Incidentally, the reference for the 31% of the populations of developing/third world countries? It is the website, The Encyclopedia of Mental Disorders, with an entry that, unlike Wikipedia, does not bother with specific references.

And Figure 2 in this 2015 article? It just puts six risk criteria in circles, arranged around a middle circle with 'sociodemographic correlates'. One of the risks is 'Lack of eduation' (sic).

This stuff and the believers of it, would be laughable if it and they weren't still causing immense harm.
 
'Eye-opening' as in 'utterly incredible that people in this century believe this sort of Freudian codswallop'? It's fine to quote sentences or paragraphs to make a point.
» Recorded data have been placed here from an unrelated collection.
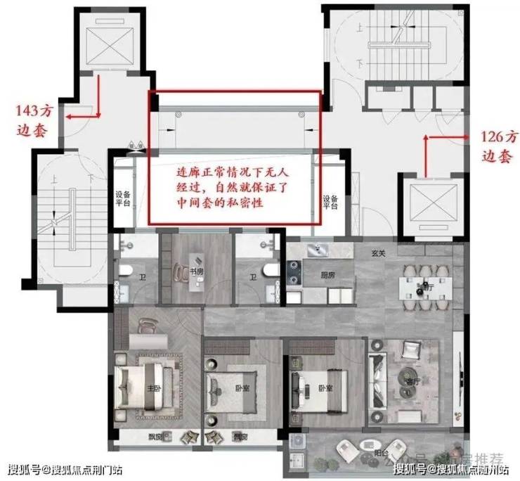 首先这个户型解决了中间套的隐私问题,如上图所示,两个边套回家都不需要经过连廊,所以保证了中间套的私密性。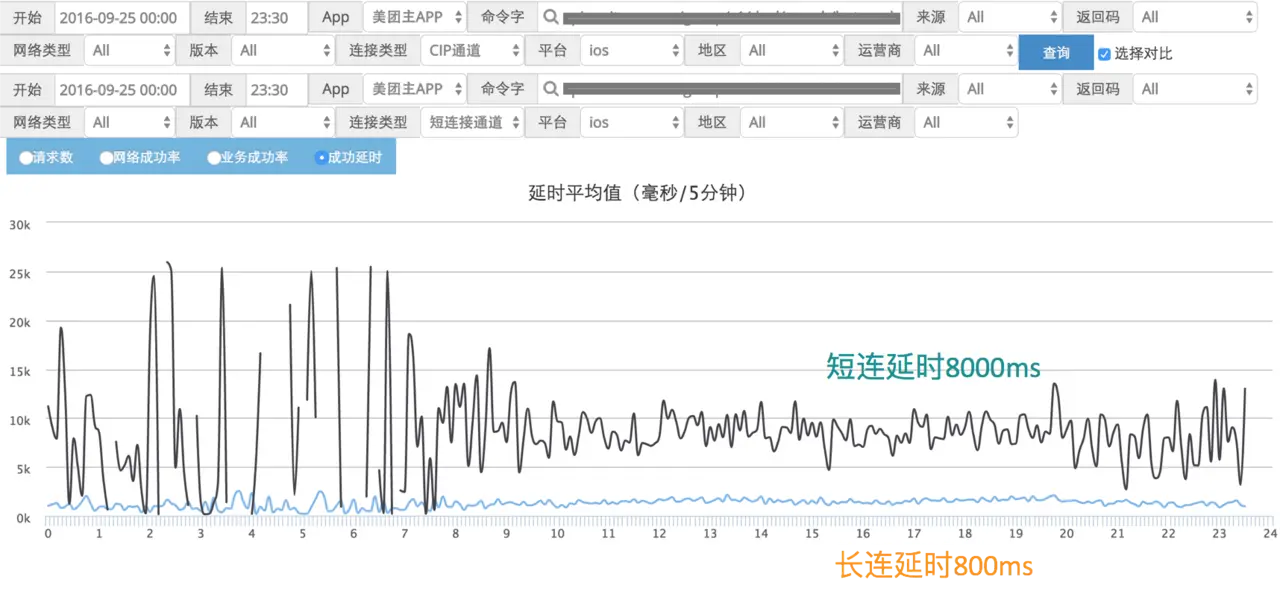 上面两张图片对比了长/短连接的成功率和网络延时数据,这两个是网络模块最重要的衡量指标。可以看出,无论是成功率,还是网络延时,长连接都明显优于短连接。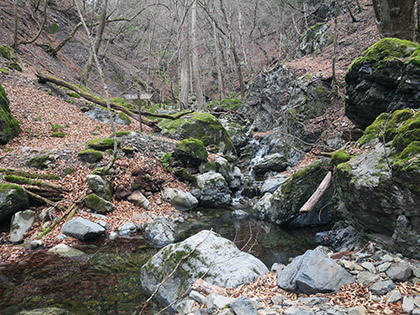■JR青梅線奥多摩駅→[START]東日原バス停→(2時間)小川谷林道・終点広場→(40分)三又→酉谷→(1時間)日向谷出合

It was eye-opening because I am shocked that this is the foundation of thinking for what ME/CFS is being made out to be.

FND is mainly referred to as a 'software' issue as if it's too complex for anyone other than the researchers to understand. Yet, in this paper, it has been clearly explained as symptoms resulting from psychological conflict.

The diagnosis of conversion disorder should be made after establishing positive clinical findings that are incompatible with organic disease or are inconsistent across different parts of the examination19 and after ruling out any medical conditions the symptoms are mimicing.

Figure 3, which serves as diagnostic guidance, asks if neurologic symptoms are inconsistent with a known disease pattern or cannot be explained by neurological or other medical conditions.

Even before the recent claims from Stone et al. that FND is now a rule in diagnosis, most pwME didn't have neurological or other medical conditions that symptoms mimic ruled out. In most cases, neurologists won't see ME patients, and GPs don't make referrals, so where is the high degree of certainty that ME/CFS symptoms are not organic coming from?